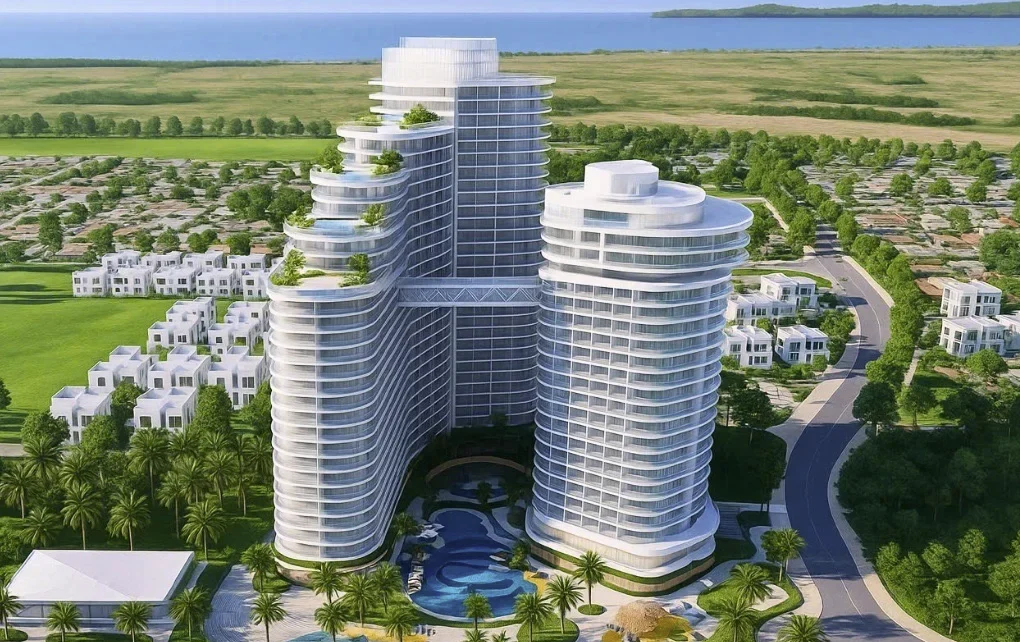 - Kiến Trúc Hiện Đại, Tối Ưu Tầm Nhìn: Dự án được thiết kế với 2 tòa tháp cao tầng mang phong cách kiến trúc hiện đại, sang trọng. Mật độ xây dựng được tính toán kỹ lưỡng để tối đa hóa không gian xanh và đảm bảo hầu hết các căn hộ đều có tầm nhìn hướng biển. Ban công rộng, cửa kính lớn từ sàn đến trần sẽ là điểm nhấn giúp không gian bên trong luôn ngập tràn ánh sáng tự nhiên và gió biển trong lành.
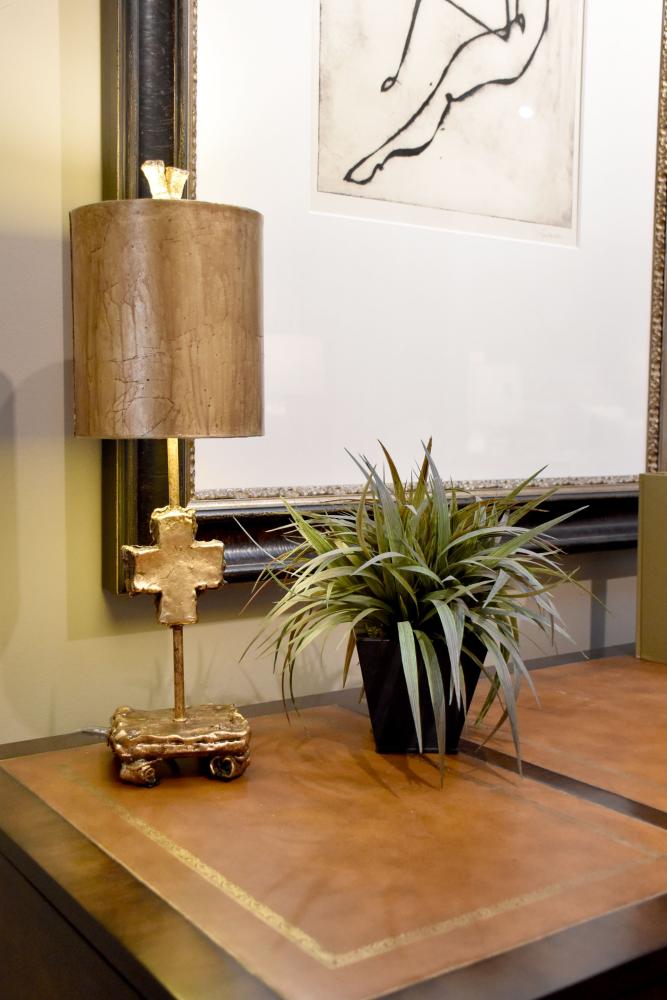 A 23" table accent lamp in antique gold with a cross-patterned pedestal base and gold drum shade. It uses a 60W bulb (not included) and a tassel finial, adding vintage glamour to any space.
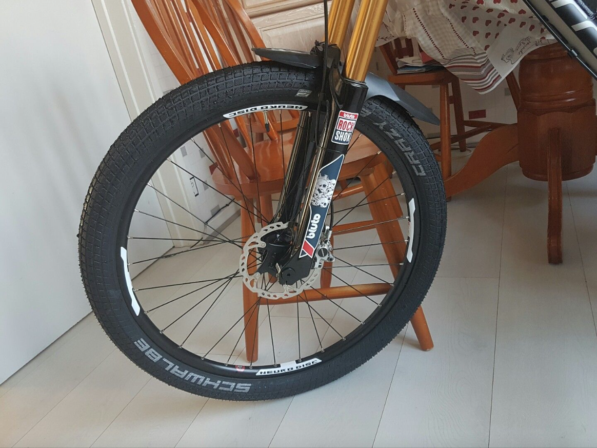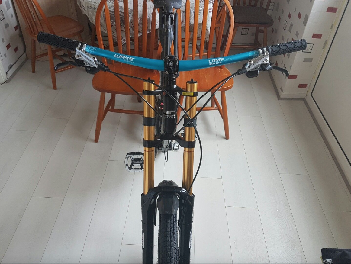 Let’s take a closer look: fork decals from a RockShox Bluto (designed for fat bikes), ‘Kashima’ stanchions (that we’d put money on being fakes), a ridiculous stem stack, a mud guard that’s closer to the ceiling than the wheel and tyres that would look more at home on a dirt jump bike. This is a true frankenbike.

WORK REQUIRED:
Word for word, print all of the data; skip the pictures.

YOUR SOLUTION:
 - Kiến Trúc Hiện Đại, Tối Ưu Tầm Nhìn: Dự án được thiết kế với 2 tòa tháp cao tầng mang phong cách kiến trúc hiện đại, sang trọng. Mật độ xây dựng được tính toán kỹ lưỡng để tối đa hóa không gian xanh và đảm bảo hầu hết các căn hộ đều có tầm nhìn hướng biển. Ban công rộng, cửa kính lớn từ sàn đến trần sẽ là điểm nhấn giúp không gian bên trong luôn ngập tràn ánh sáng tự nhiên và gió biển trong lành.
 A 23" table accent lamp in antique gold with a cross-patterned pedestal base and gold drum shade. It uses a 60W bulb (not included) and a tassel finial, adding vintage glamour to any space.
 Let’s take a closer look: fork decals from a RockShox Bluto (designed for fat bikes), ‘Kashima’ stanchions (that we’d put money on being fakes), a ridiculous stem stack, a mud guard that’s closer to the ceiling than the wheel and tyres that would look more at home on a dirt jump bike. This is a true frankenbike.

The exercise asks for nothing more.